Question

Consider the following formula for anti differentiating power functions: If $$\begin{gathered} f\text{'}\left(x\right)=x^k, \\ k\ne -1 \end{gathered}$$, then $f\left(x\right)=\frac{1}{k+1}{x}^{k+1}+C$ for some constant C.

Part (a): Prove this antidifferentiation formula. You may assume that any two functions with the same derivative differ by a constant, as we will prove in Section 3.2.

Part (b): What part of your argument from part (a) breaks down when$f\left(x\right)=x^{-1}$?

Short answer

Part (a): To prove the anti differentiation formula, assume two functions and differentiate the following.

In both cases the derivative of f is same, but the functions are not same. They differ by a constant.

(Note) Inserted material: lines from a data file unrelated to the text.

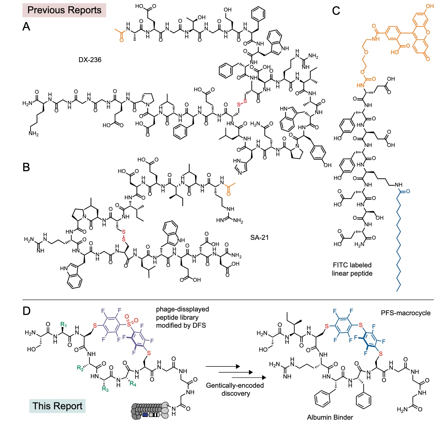 图1|白蛋白结合肽。 已有研究报道了多种白蛋白结合分子:A为大环肽DX-236,B为大环肽SA-21,C为线性肽FITC-EYEYKpalmESE-NH₂。D展示了该研究所采用的方法,即利用经化学修饰的噬菌体展示肽库,用于筛选小尺寸的白蛋白结合大环分子。
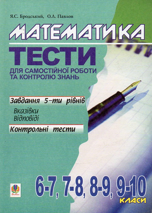 Математика.Тести для самостійної роботи та контролю знань.6-7,7-8,8-9,9-10 кл.
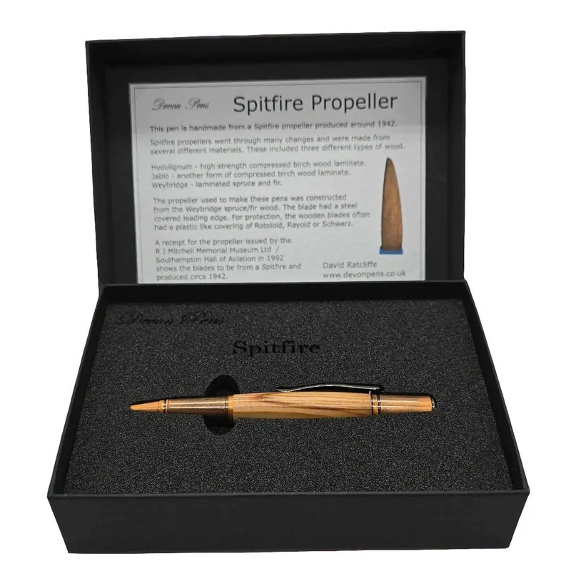 The propeller used to make these pens was constructed from the Weybridge spruce/fir wood. The blade had a steel covered leading edge. For protection, the wooden blades oftenhad a plastic like covering of Rotoloid, Rayoid or Schwarz.

Part (b): The coefficient of the variable of the function has problem while taking anti derivative.

Step-by-step solution

Part (a) Step 1. Given information.

Consider the given question,

$$\begin{gathered} f\text{'}\left(x\right)=x^k, \\ k\ne -1 \end{gathered}$$

Then,$f\left(x\right)=\frac{1}{k+1}{x}^{k+1}+C$

Part (a) Step 2. Prove the anti differentiating power formula.

Differentiate with respect to x,

$$\begin{gathered} f\text{'}\left(x\right)=\frac{d}{dx}\left[\frac{1}{k+1}{x}^{k+1}+20\right] \\ =\frac{1}{k+1}{\left(k+1\right)}^{k+1-1} \\ =x^k \end{gathered}$$

For another function $f\left(x\right)=\frac{1}{k+1}{x}^{k+1}+100$,

$$\begin{gathered} f\text{'}\left(x\right)=\frac{d}{dx}\left[\frac{1}{k+1}{x}^{k+1}+100\right] \\ =\frac{1}{k+1}\left(k+1\right)x^{k+1-1} \\ =x^k \end{gathered}$$

In both cases the derivative of f is same, but the functions are not same. They differ by a constant.

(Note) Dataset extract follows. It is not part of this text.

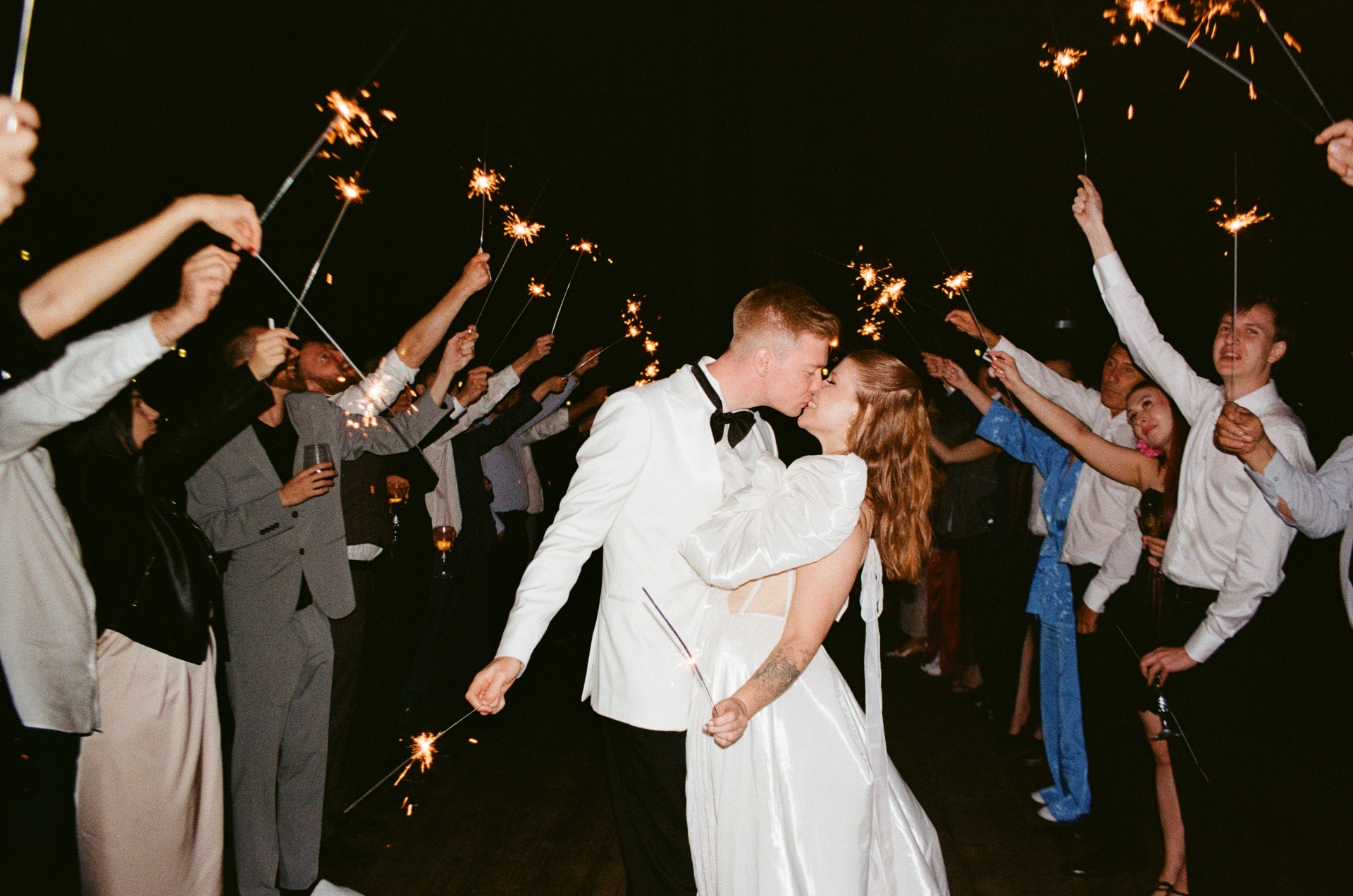 Цвета дресс-кода для гостей были, как у диких полевых цветов: розовый, фиолетовый, голубой, жёлтый. Ярко, свободно, без обязательных рамок.

Part (b) Step 1. Take the anti derivative for the function fx=x-1.

Consider the function $f\left(x\right)=x^{-1}$, if the anti derivative is taken then,

$\frac{1}{-1+1}{x}^{-1+1}=\frac{1}{0}\left(x^0\right)$

This is undefined.

Therefore, the coefficient of the variable of the function has problem while taking anti derivative.